**WHAT NEEDS TO BE DONE:**
Print the entries that appear below, exactly as written and without their pictures.

Items listed in a dataset:
□ □ □ □

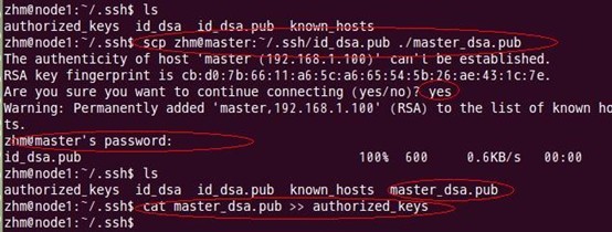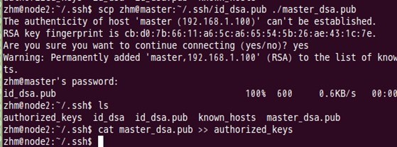 如上过程显示了node1结点通过scp命令远程登录master结点,并复制master的公钥文件到当前的目录下,这一过程需要密码验证。接着,将master结点的公钥文件追加至authorized_keys文件中,通过这步操作,如果不出问题,master结点就可以通过ssh远程免密码连接node1结点了。在master结点中操作如下:
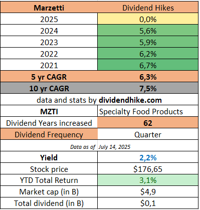 Currently Marzetti pays a $0.95 per share quarterly dividend with a yield of 2.15% at a stock price of $176.65. Marzetti is a Dividend Hero with now 62 consecutive years of increased dividends.
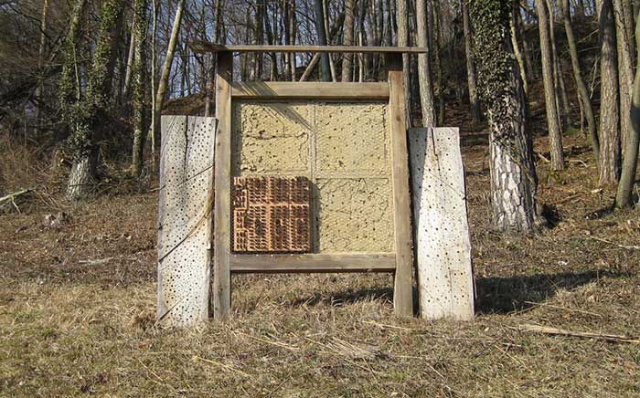Es braucht dazu abgelagertes entrindetes Hartholz, z.B. Esche Buche, Eiche. (Keinesfalls Nadelholz, wegen dem Harz). Ganz wichtig ist es, in das Längsholz zu bohren und nicht in das Stirnholz, also dort, wo ursprünglich die Rinde war. Bohrweiten von 3-6 mm sollten überwiegen, 8-9 mm oder 2-4 mm sind auch sinnvoll. Abstände dazwischen circa 2 cm. Die Gänge sollten 5-10 cm tief sein, dahinter muss noch mindestens 3-5 cm Holz sein. dh. ein Stück Holz sollte mindestens 15 cm dick sein. Wichtig sind glatte, saubere Bohrgänge, auch die Holzoberfläche muss nach dem Bohren mit feinem Sandpapier geglättet werden, damit die Nesteingänge nicht durch vorstehende Fasern versperrt werden. Risse im Holz müssen vermieden werden, da sie oft dazu führen, dass die Brut entweder geräubert wird oder verpilzt. Man kann auch dickere tote Äste oder Stämme senkrecht neben das Wildbienenhaus stellen.
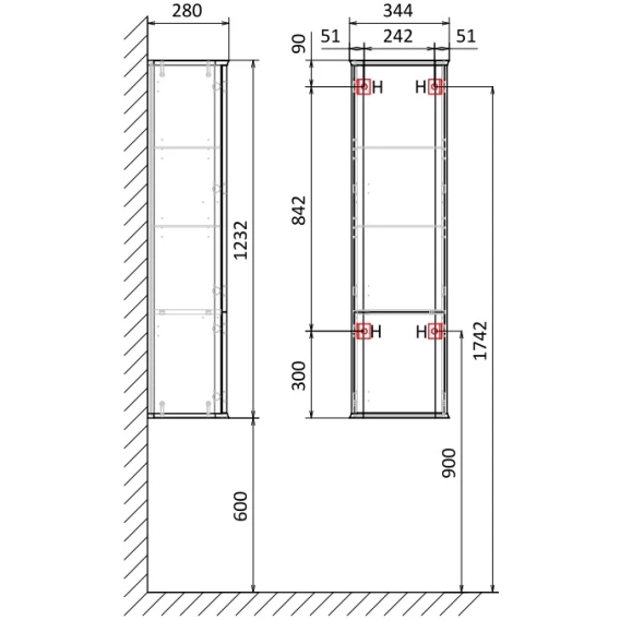 Пенал Jorno Pastel Pas.04.125/P/BL подвесной L/R, бирюзовый бриз
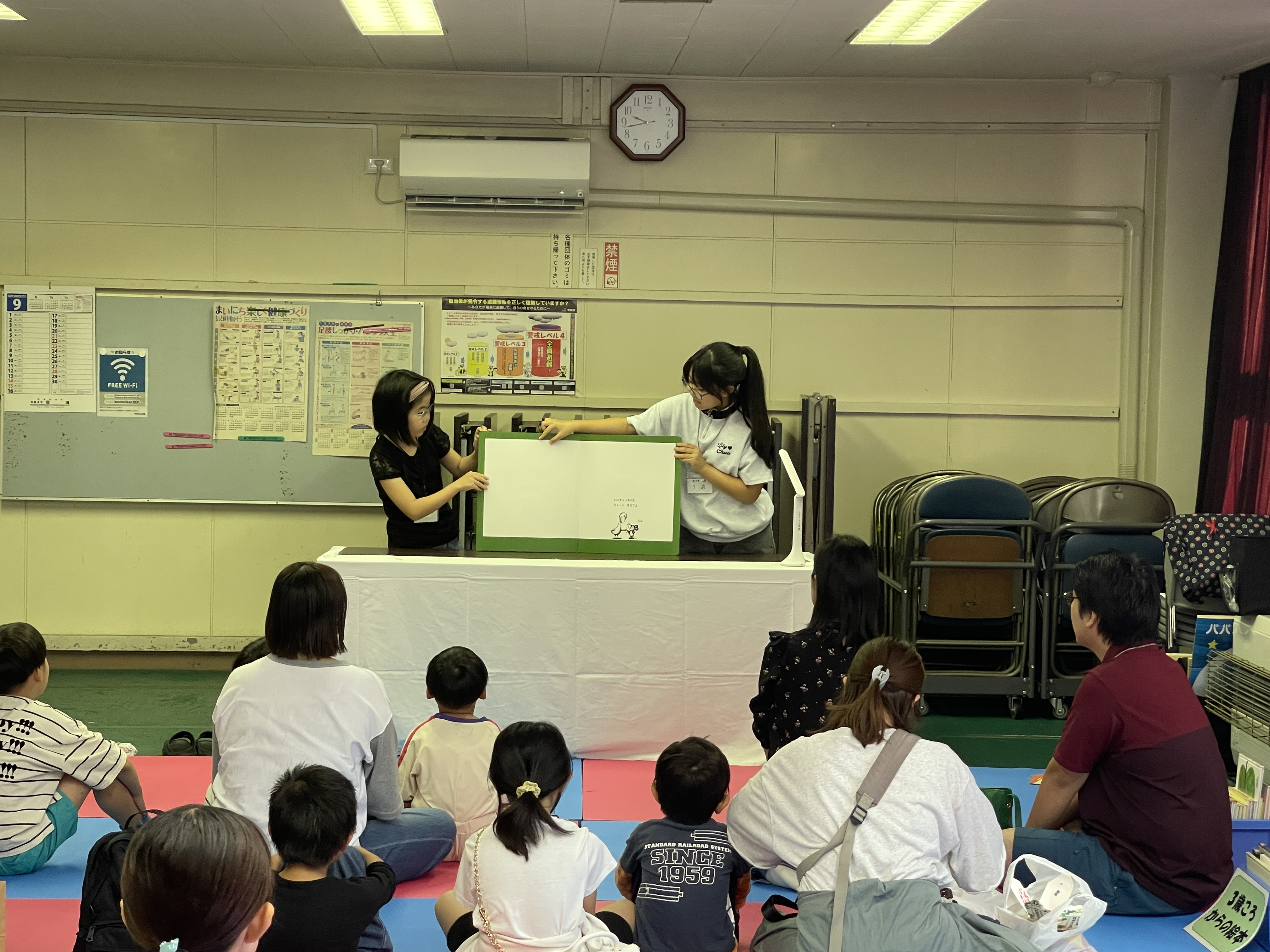 オープニングセレモニーとして、みよし保育園さんのマーチングから始まり、「お菓子づくりコーナー」、「牛乳パックコマづくりコーナー」、「元気運動コーナー」、「ほほえみコーナー」、「子ども司書の絵本の読み聞かせ」などを実施し、来場者全員で楽しんでいました。
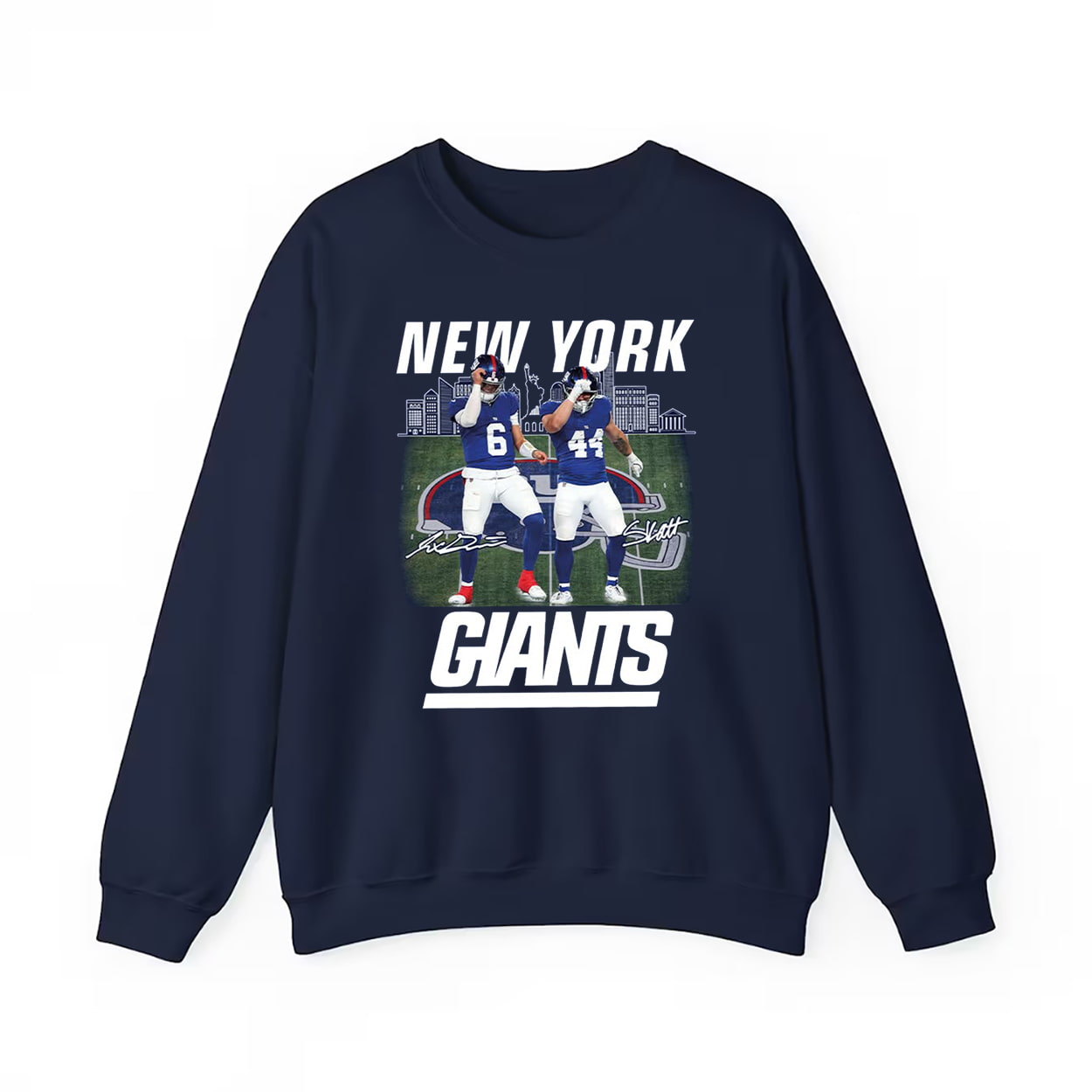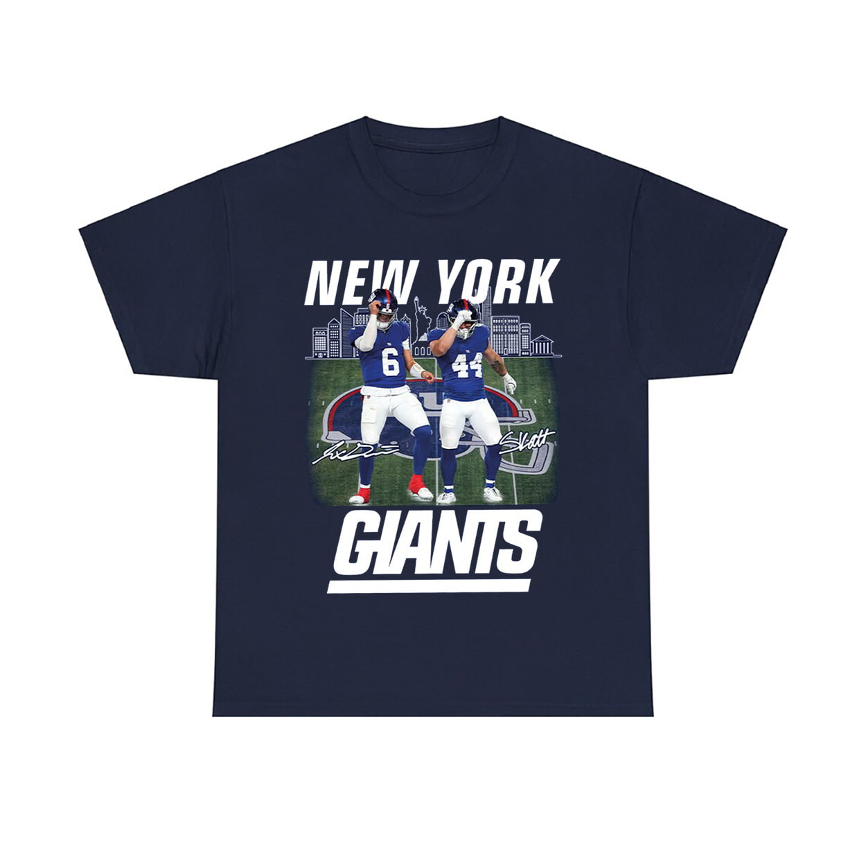 This isn’t just merch—it’s a movement. Inspired by the fearless energy of Jaxson Dart and Cam Skattebo, the design channels the swagger of the Skattebros era: gritty, confident, and unapologetically bold. The cityscape nods to the Giants’ urban roots, while the dual-player pose captures the synergy of teamwork and individual brilliance. It’s for fans who think big, act bold, and wear their passion like armor.

□ □ □ □

**RESPONSE BOX:**
 如上过程显示了node1结点通过scp命令远程登录master结点,并复制master的公钥文件到当前的目录下,这一过程需要密码验证。接着,将master结点的公钥文件追加至authorized_keys文件中,通过这步操作,如果不出问题,master结点就可以通过ssh远程免密码连接node1结点了。在master结点中操作如下:
 Currently Marzetti pays a $0.95 per share quarterly dividend with a yield of 2.15% at a stock price of $176.65. Marzetti is a Dividend Hero with now 62 consecutive years of increased dividends.
Es braucht dazu abgelagertes entrindetes Hartholz, z.B. Esche Buche, Eiche. (Keinesfalls Nadelholz, wegen dem Harz). Ganz wichtig ist es, in das Längsholz zu bohren und nicht in das Stirnholz, also dort, wo ursprünglich die Rinde war. Bohrweiten von 3-6 mm sollten überwiegen, 8-9 mm oder 2-4 mm sind auch sinnvoll. Abstände dazwischen circa 2 cm. Die Gänge sollten 5-10 cm tief sein, dahinter muss noch mindestens 3-5 cm Holz sein. dh. ein Stück Holz sollte mindestens 15 cm dick sein. Wichtig sind glatte, saubere Bohrgänge, auch die Holzoberfläche muss nach dem Bohren mit feinem Sandpapier geglättet werden, damit die Nesteingänge nicht durch vorstehende Fasern versperrt werden. Risse im Holz müssen vermieden werden, da sie oft dazu führen, dass die Brut entweder geräubert wird oder verpilzt. Man kann auch dickere tote Äste oder Stämme senkrecht neben das Wildbienenhaus stellen.
 Пенал Jorno Pastel Pas.04.125/P/BL подвесной L/R, бирюзовый бриз
 オープニングセレモニーとして、みよし保育園さんのマーチングから始まり、「お菓子づくりコーナー」、「牛乳パックコマづくりコーナー」、「元気運動コーナー」、「ほほえみコーナー」、「子ども司書の絵本の読み聞かせ」などを実施し、来場者全員で楽しんでいました。
 This isn’t just merch—it’s a movement. Inspired by the fearless energy of Jaxson Dart and Cam Skattebo, the design channels the swagger of the Skattebros era: gritty, confident, and unapologetically bold. The cityscape nods to the Giants’ urban roots, while the dual-player pose captures the synergy of teamwork and individual brilliance. It’s for fans who think big, act bold, and wear their passion like armor.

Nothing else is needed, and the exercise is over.